**Dataset content:**
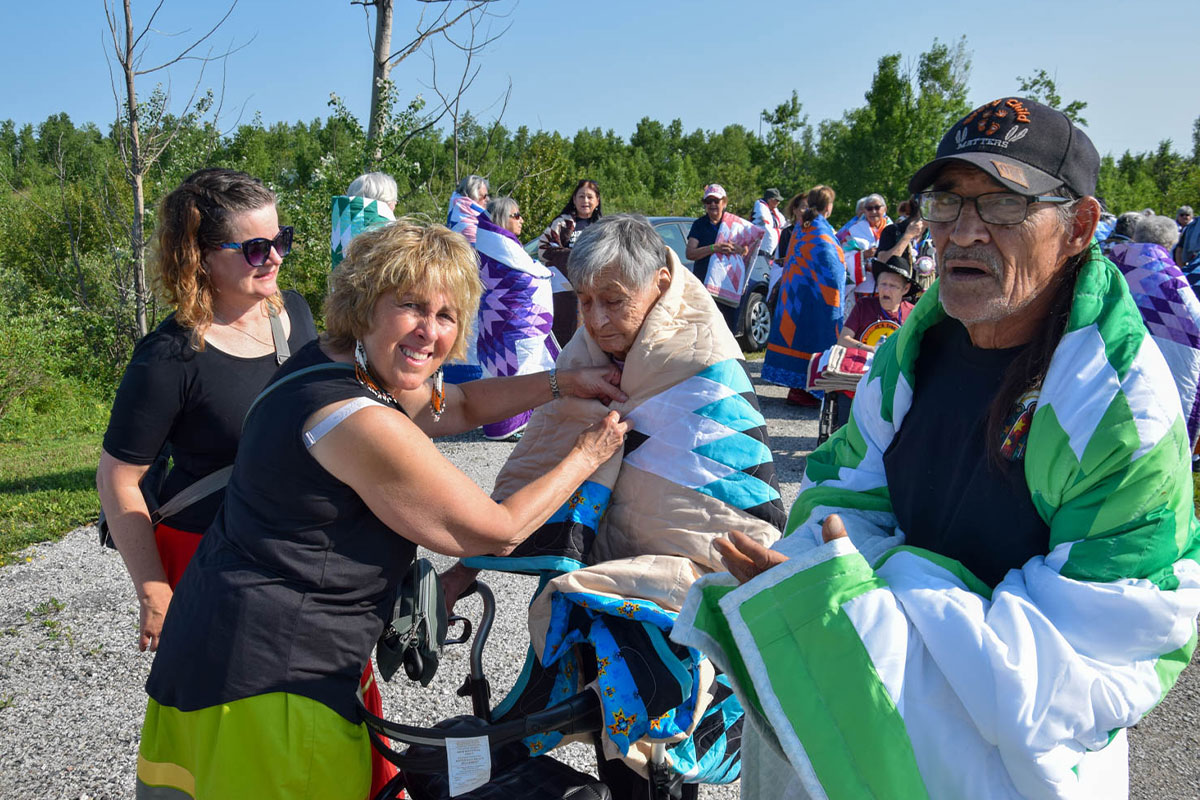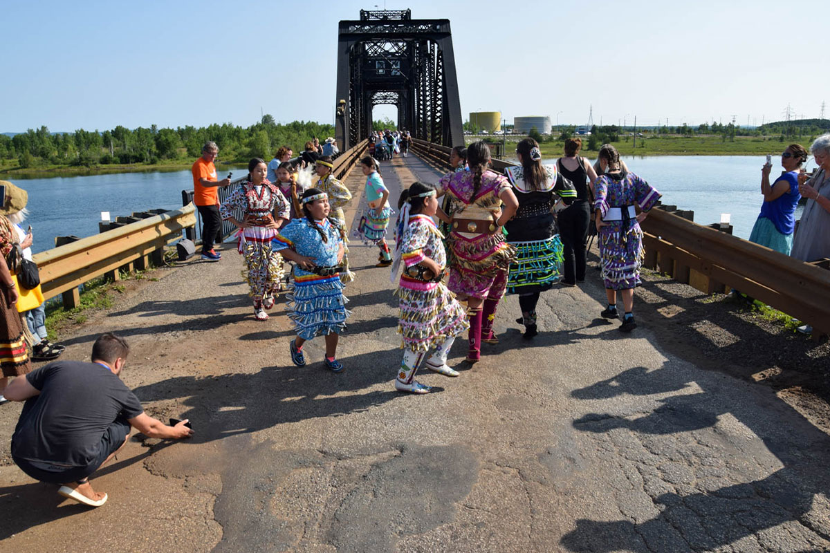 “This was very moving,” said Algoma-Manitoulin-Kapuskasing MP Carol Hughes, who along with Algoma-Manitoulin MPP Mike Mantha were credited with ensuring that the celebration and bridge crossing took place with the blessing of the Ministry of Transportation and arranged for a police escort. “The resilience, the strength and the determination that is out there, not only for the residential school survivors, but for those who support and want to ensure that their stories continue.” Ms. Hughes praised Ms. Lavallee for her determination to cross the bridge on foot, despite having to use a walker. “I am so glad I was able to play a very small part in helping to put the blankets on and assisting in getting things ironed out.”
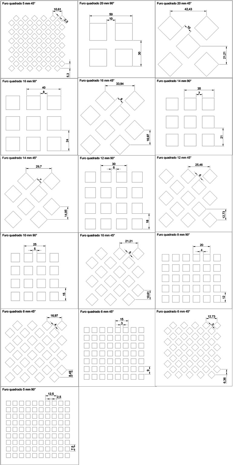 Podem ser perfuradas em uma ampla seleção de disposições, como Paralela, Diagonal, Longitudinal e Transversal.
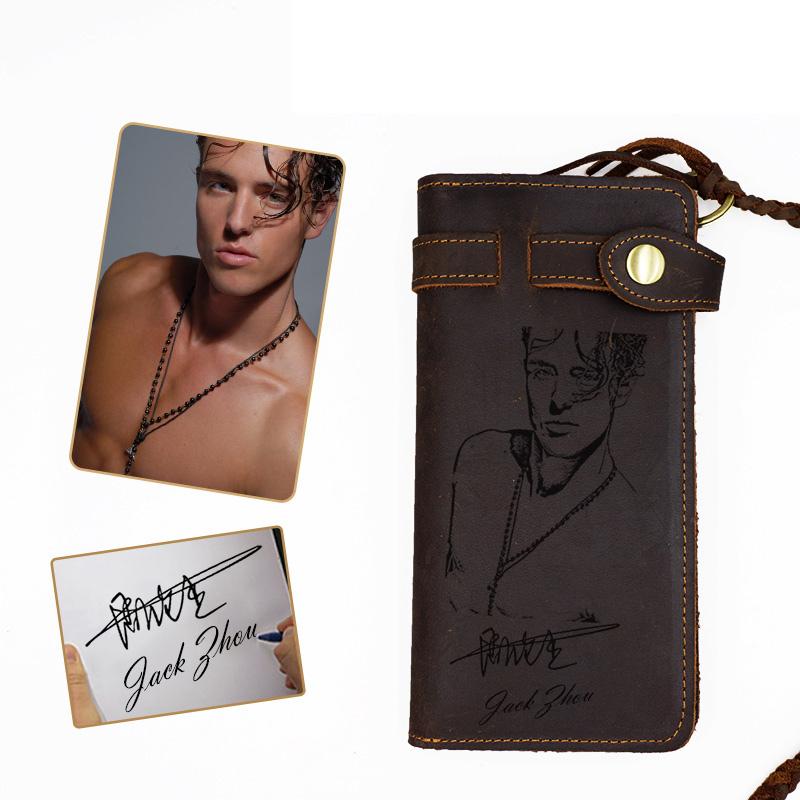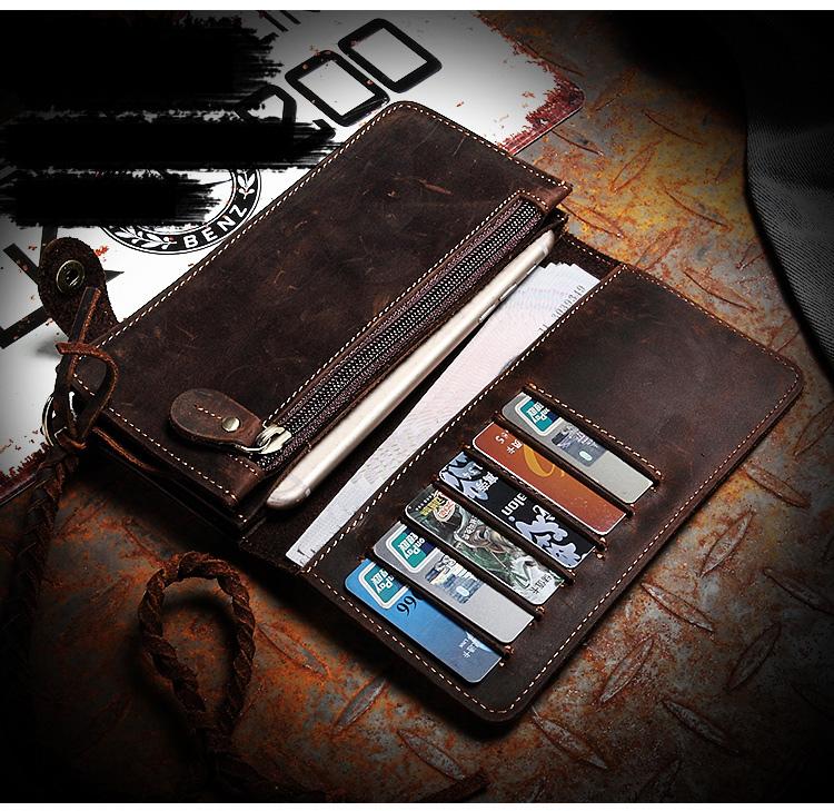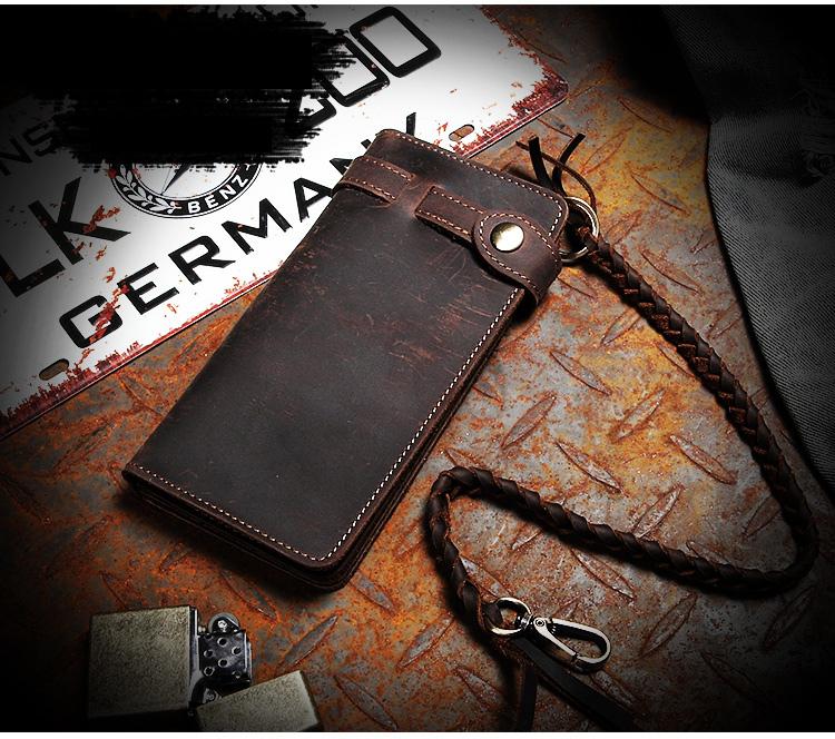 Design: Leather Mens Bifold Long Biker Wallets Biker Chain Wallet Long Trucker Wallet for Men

**What you should do:**
Would you write out all of the data exactly as it stands, without the pictures?

**Solution:**
 “This was very moving,” said Algoma-Manitoulin-Kapuskasing MP Carol Hughes, who along with Algoma-Manitoulin MPP Mike Mantha were credited with ensuring that the celebration and bridge crossing took place with the blessing of the Ministry of Transportation and arranged for a police escort. “The resilience, the strength and the determination that is out there, not only for the residential school survivors, but for those who support and want to ensure that their stories continue.” Ms. Hughes praised Ms. Lavallee for her determination to cross the bridge on foot, despite having to use a walker. “I am so glad I was able to play a very small part in helping to put the blankets on and assisting in getting things ironed out.”
 Podem ser perfuradas em uma ampla seleção de disposições, como Paralela, Diagonal, Longitudinal e Transversal.
 Design: Leather Mens Bifold Long Biker Wallets Biker Chain Wallet Long Trucker Wallet for Men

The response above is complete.